President Park lays out nuclear security plan at Nuclear Security SummitUpdated: 2014-03-25 16:03:56 (KST)
President Park Geun-hye has laid out a systematic plan to enhance nuclear security worldwide.
In a four-point proposal made during her opening remarks at the Nuclear Security Summit in The Hague, the president said the international community should take an integrated approach towards nuclear security, disarmament and non-proliferation.
She referred to Washington and Moscow's initiative that turned nuclear arms materials into nuclear fuel, saying it was a prime example of turning "swords into plowshares."
The Korean leader then said there's a need for regional cooperation on nuclear security, such as in Northeast Asia where 23 percent of the world's nuclear power plants are in operation.
President Park also talked about the need for countries to share technology and experiences to level the playing field.
Lastly, she said more measures are required to prevent cyber terror attacks on nuclear power plants.
President Park also made a point of commending international efforts to strengthen nuclear security.

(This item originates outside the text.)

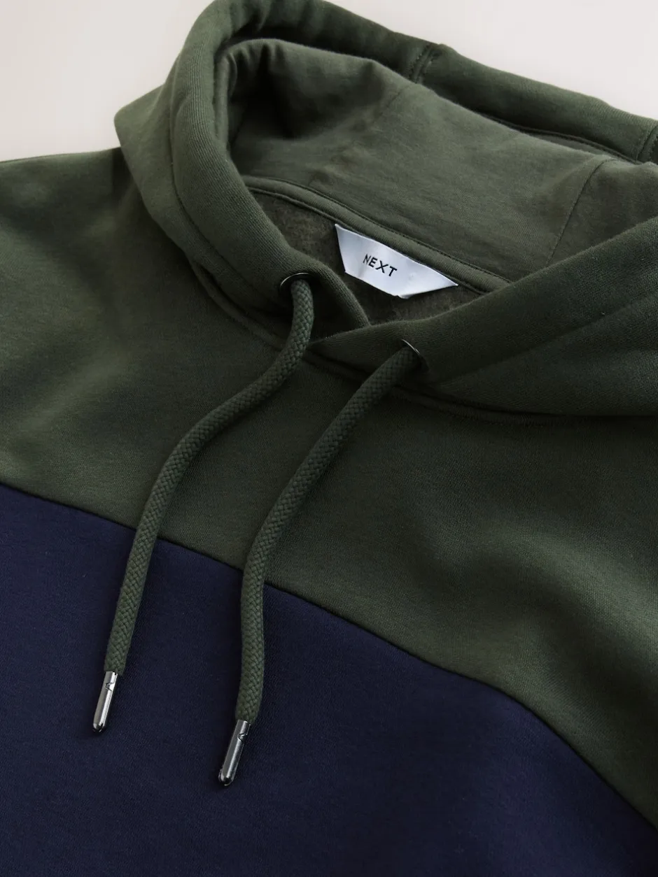 Next Bleu marine/vert kaki – Sweat à capuche à enfiler – Sweat-shirt color block Best

She mentioned countries voluntarily allowing the International Atomic Energy Agency to inspect their nuclear material protection systems.
She also voiced concern about North Korea's nuclear materials getting into the hands of terrorist organizations and nuclear safety.
"Many nuclear facilities are based at North Korea's Yongbyon Nuclear Scientific Research Center. If one building were to catch fire, it could lead to a nuclear catastrophe more serious than the one in Chernobyl."
"The South Korean leader used the opportunity to raise concerns about the dangers of North Korea's nuclear development program. She then said a nuclear-free Korean peninsula should be the first step towards a world without nuclear arms.
Choi You-sun, Arirang News, The Hague."
Reporter : firstname.lastname@example.org
"The South Korean leader used the opportunity to raise concerns about the dangers of North Korea's nuclear development program."
I'm not so sure about Ms. Pak's comment. It's my understanding that the D.P.R.K.'s nuclear weapon program is for self-defense purposes. Apparently Ms. Pak has forgotten about Japanese colonization (1910-1945)and who An Jung-geun was. Ms. Pak must be out of her mind. I hope Ms. Pak isn't the leader of a reunified Korea. Good grief.